Task brief: Leave the pictures out, and repeat exactly every line from the one with "Datcon 122717 Analog" through the end of the data below.

Collection entries:
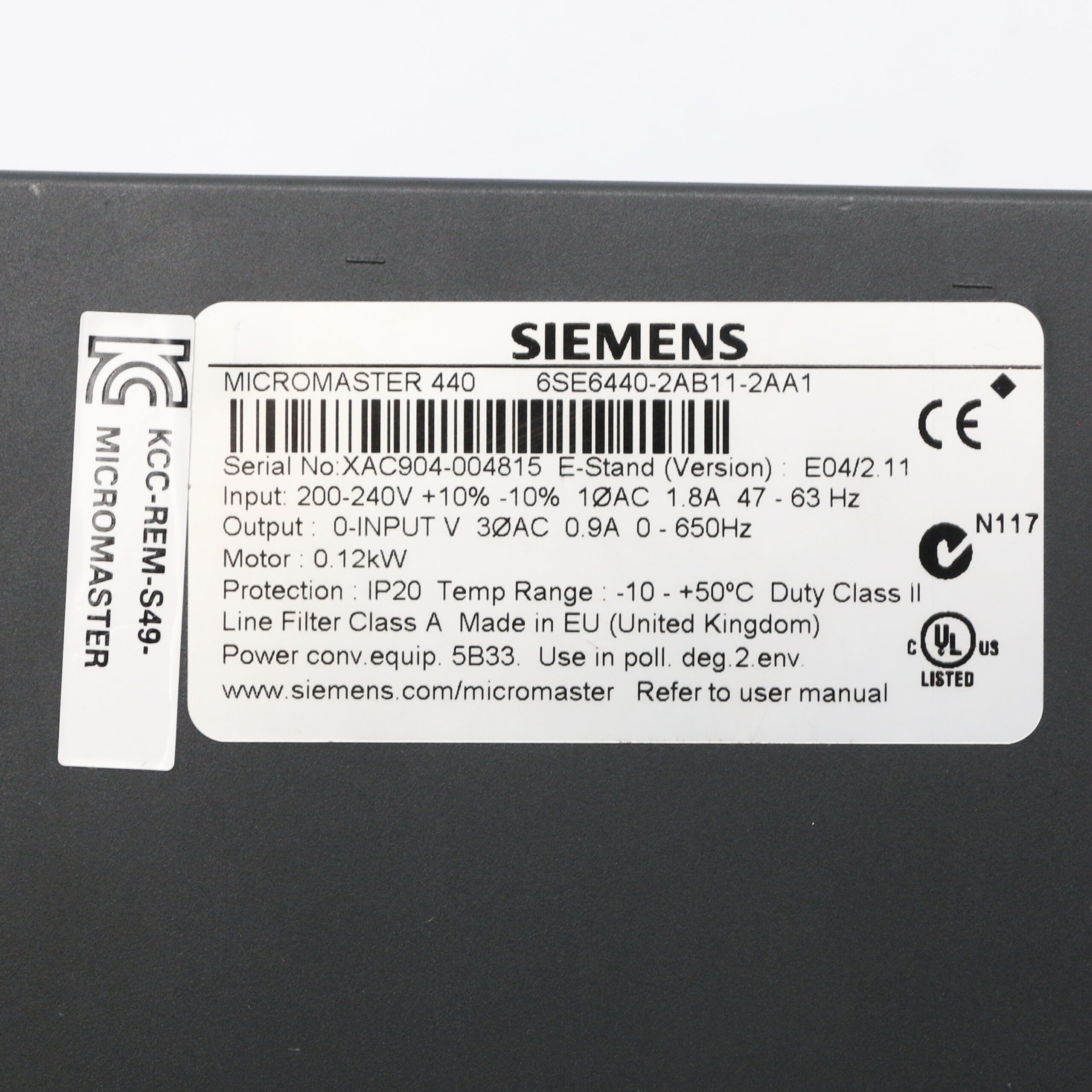 Siemens 6SE6440-2AB11-2AA1 MICROMASTER 440, E04/2.11 m. 6SE6400-0AP00-0AA0
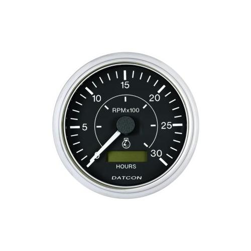 Datcon 122717 Analog II Tachometer with Hourmeter, 12 V, SAE Polished
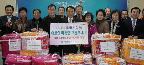 대전 동구통장협의회(회장 김경열)는 한현택 동구청장을 찾아 어려운 이웃을 위한 겨울 이불 112채(350만원 상당)을 “천사의 손길 행복+”에 기탁했다.
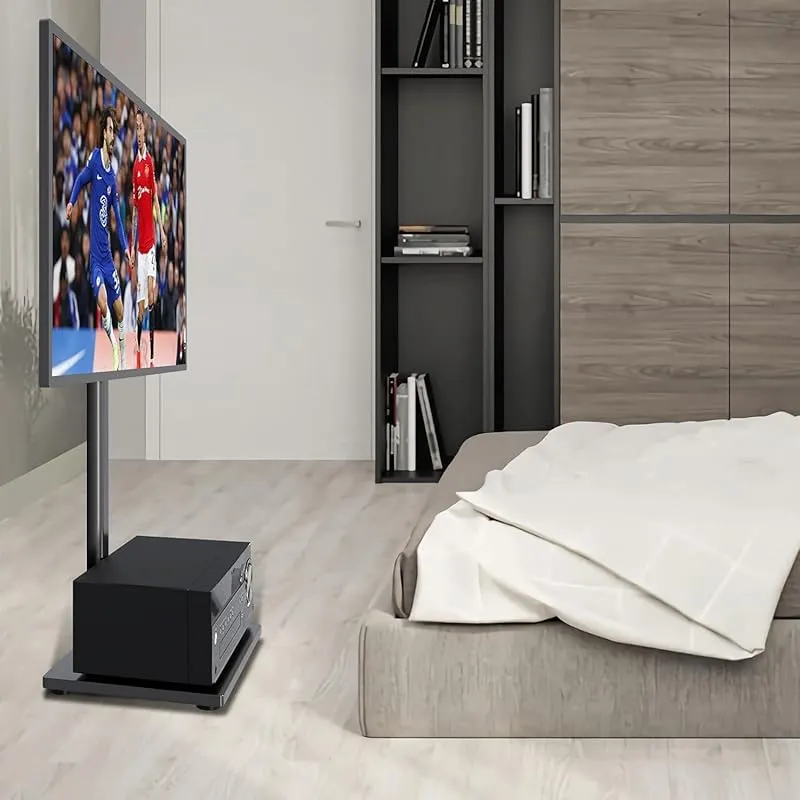 【省スペース】壁寄せスタンドタイプで壁掛けのように、すっきりとテレビを配置ができます。デッドスペースを減らしてお部屋を有効活用でき、足元も広くなります。お部屋の角にも自由に配置できる使いやすさ。寝室やリビングルーム、ダイニングルーム、アパートなど色んな場合で使用できます。
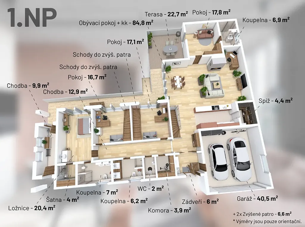 • dispozice: 5+kk, 4 ložnice, 3 koupelny

Final answer:
 Datcon 122717 Analog II Tachometer with Hourmeter, 12 V, SAE Polished
 대전 동구통장협의회(회장 김경열)는 한현택 동구청장을 찾아 어려운 이웃을 위한 겨울 이불 112채(350만원 상당)을 “천사의 손길 행복+”에 기탁했다.
 【省スペース】壁寄せスタンドタイプで壁掛けのように、すっきりとテレビを配置ができます。デッドスペースを減らしてお部屋を有効活用でき、足元も広くなります。お部屋の角にも自由に配置できる使いやすさ。寝室やリビングルーム、ダイニングルーム、アパートなど色んな場合で使用できます。
 • dispozice: 5+kk, 4 ložnice, 3 koupelny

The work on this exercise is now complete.